▼▼▼
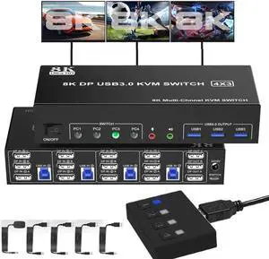 8K Displayport USB 3.0 KVM Switch 3 Monitors 2 Computers, DP1.4 Triple Monitor Displayport KVM Switch with 4 USB 3.0 Ports, 8K@60Hz 4K@144Hz DP KVM Triple Monitor Keyboard Mouse Switcher
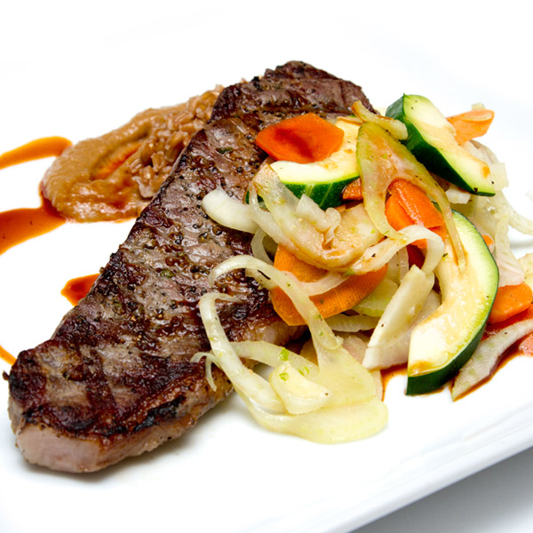 Place the steak on the hottest part of the grill. Grill for 1½ to 2 minutes, then rotate the steak to get cross marks and cook for another 1½ to 2 minutes. Flip and repeat. Remove the steaks once they register 115°F on a thermometer (they will carry over to medium-rare). Let rest for 10 minutes before slicing. Spoon Sherry Current Demi-Glace over top and serve steaks with Caramelized Onion Puree, and Sautéed Zucchini, Fennel & Carrots (recipes follow). Cooked farro is also a great accompaniment.
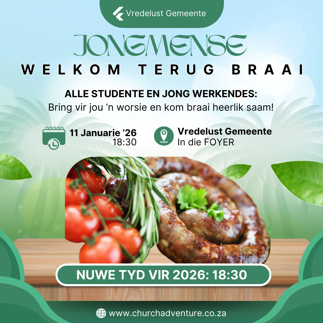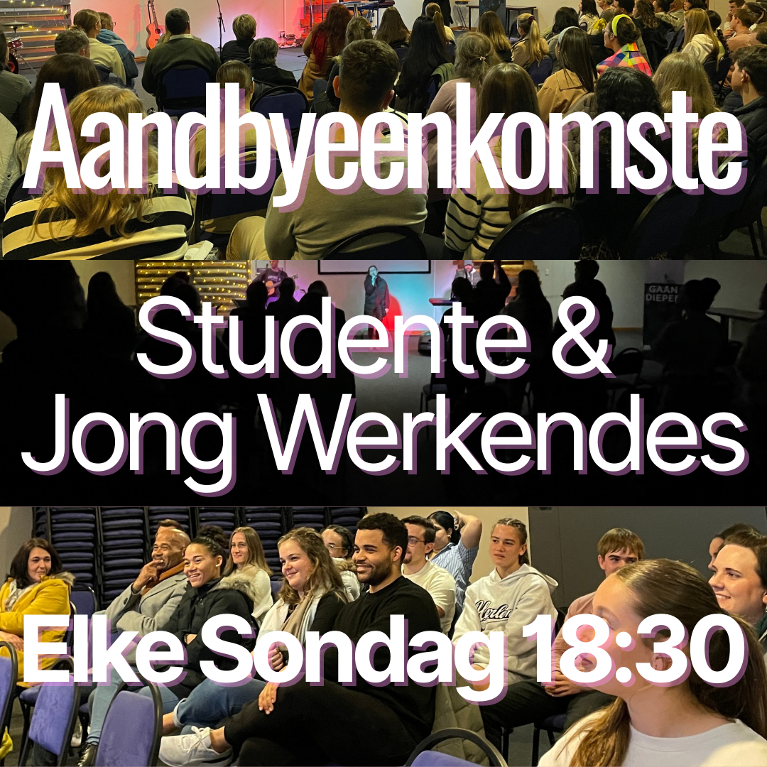 Die Sondagaand byeenkoms vir Studente en Jong werkendes vind plaas in die Vredelust Konferensielokaal.
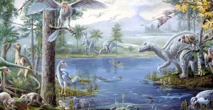 科学家在挪威斯瓦尔巴特群岛发现远古森林化石,这是艺术家绘制的远古树木生长情况。
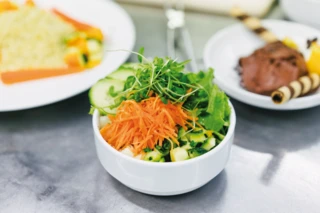 Eine schonende Zubereitung der Mahlzeiten ist uns wichtig, auf die Verwendung von Fertigprodukten verzichten wir. Täglich stehen ein vegetarisches Gericht und mehrfach wöchentlich auch Fleisch- und Fischgerichte zur Auswahl. Die Erfüllung von Sonderwünschen, z.B. Diätkost, ist nach Absprache möglich.
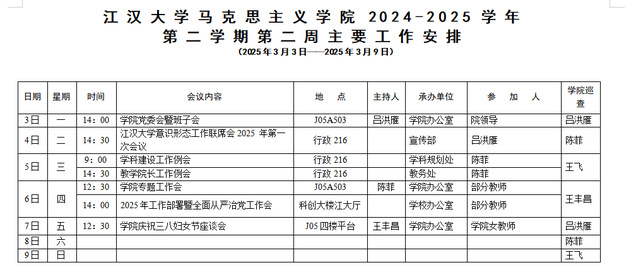 国产视频 2024-2025-2学期第二周安排
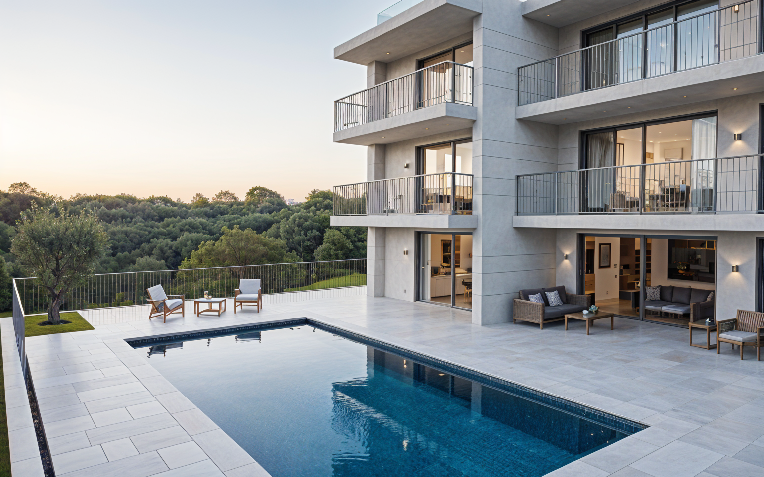 bauhaus night shot medireranean forest background olive trees in garden glamour interiors in windows grey vertical stripes full floor height random railings ethimo furniture grey window frames white 10cm striped facade white marble pavement shining blue mosaic pool in front of balconies random floor to floor vertical striped panels 80 by 320 cm architecture
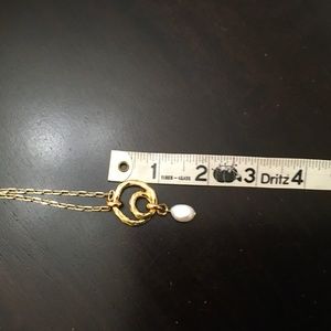 Lovely bright gold j crew necklace with a pendant of gold swirls and a freshwater style pearl. *J Crew bag included* EUC. 18 inch necklace with 2 inch extender. Pendant drop 2 inches. Smoke free home 🏠
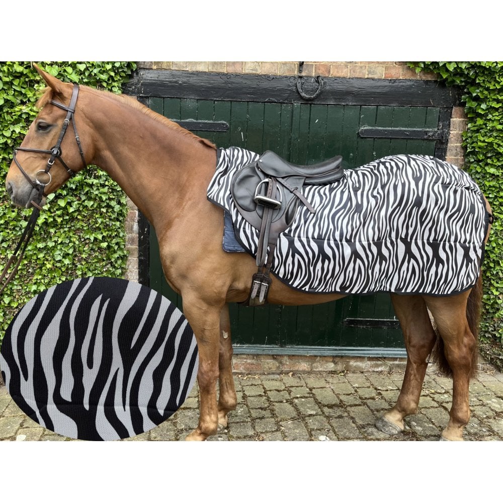 Made from breathable close weave mesh in zebra print which has been proven to confuse flies and deter them from landing.
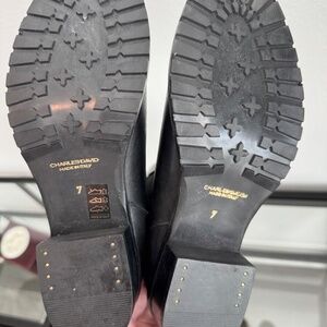 CHARLES DAVID made in Italy women’s Black leather tall riding boots Size 7 NWOB
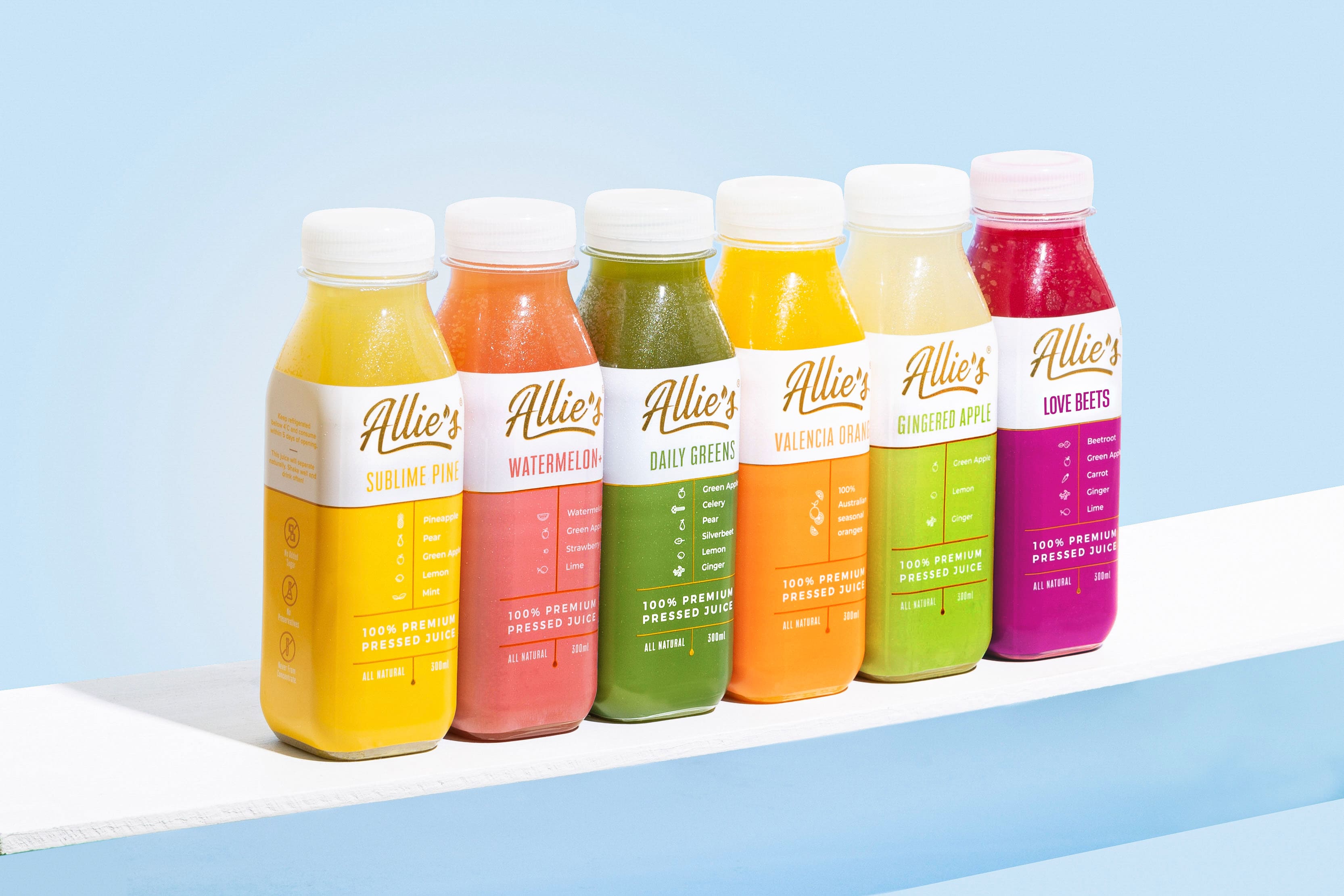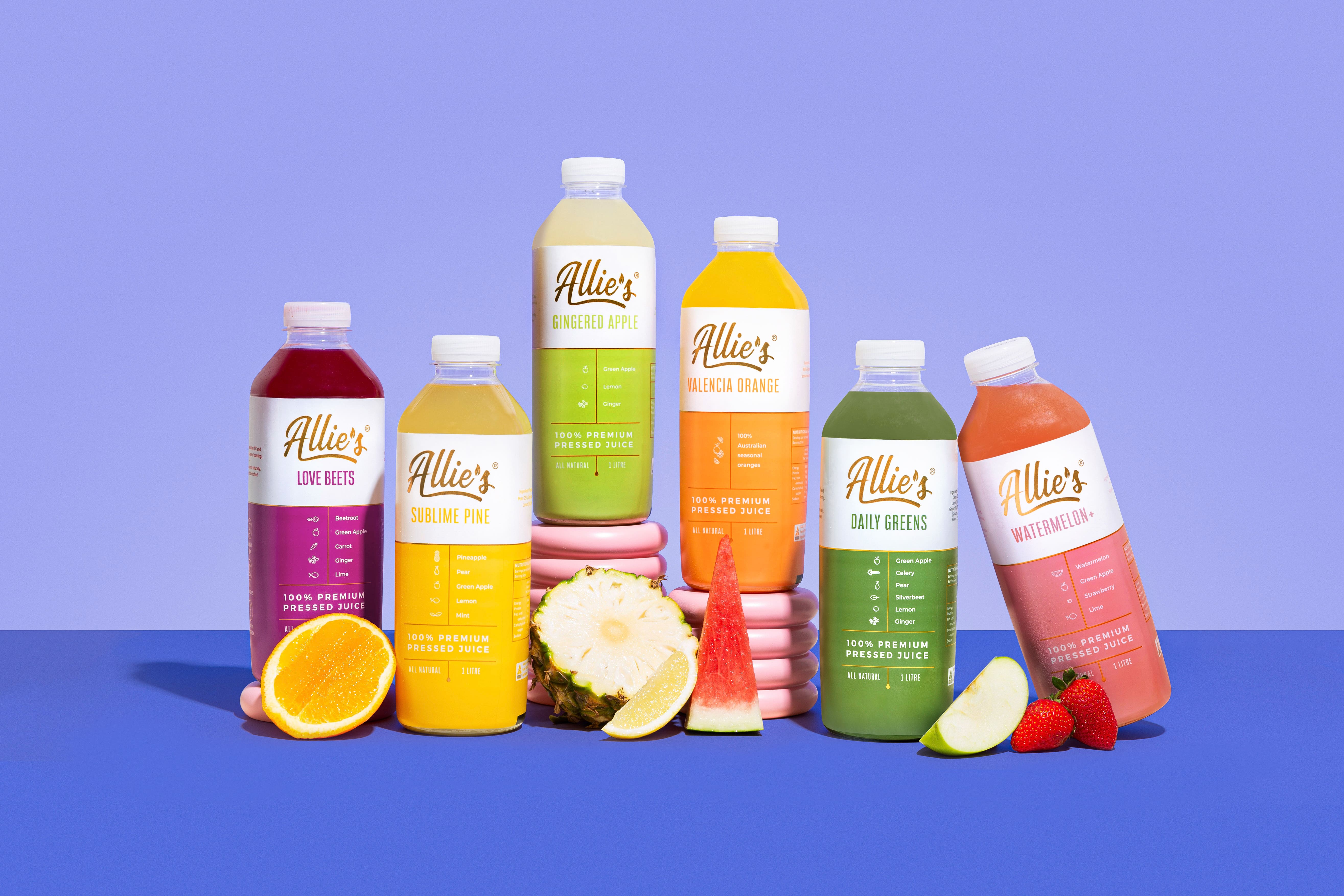 Allie’s juices are made from the goodness of 100% premium Australian fruits and veggies, cold-pressed to preserve their vitamins and minerals.
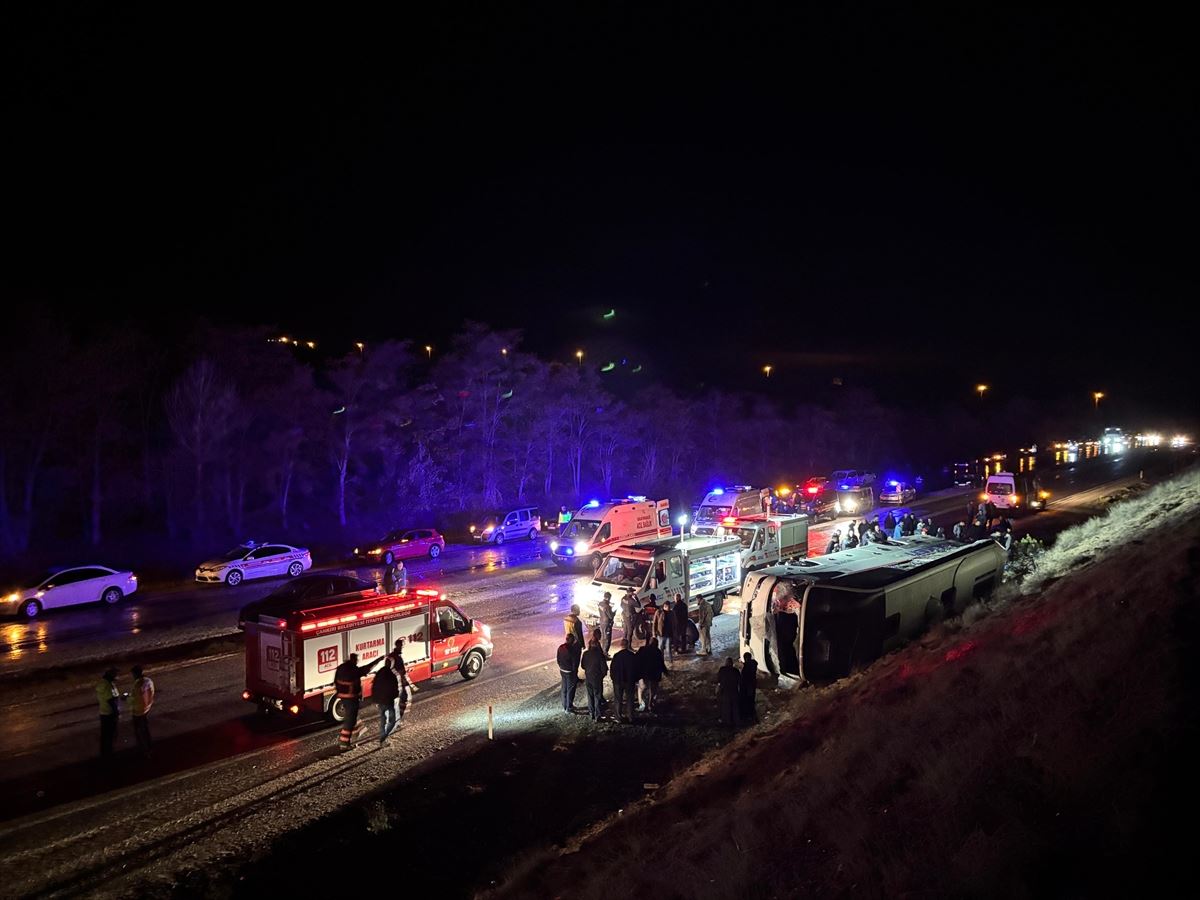 İhbar üzerine bölgeye sağlık, itfaiye, polis ve jandarma ekipleri sevk edildi. Ekiplerce yapılan kontrolde, 45 kişinin bulunduğu otobüsteki 23 kişinin yaralandığı belirlendi.
▲▲▲
### TRY IT
Please retype exactly the lines from the line containing "Allie’s juices are" through the final line of the records above, inclusive, leaving out any pictures.

### SOLUTION
 Allie’s juices are made from the goodness of 100% premium Australian fruits and veggies, cold-pressed to preserve their vitamins and minerals.
 İhbar üzerine bölgeye sağlık, itfaiye, polis ve jandarma ekipleri sevk edildi. Ekiplerce yapılan kontrolde, 45 kişinin bulunduğu otobüsteki 23 kişinin yaralandığı belirlendi.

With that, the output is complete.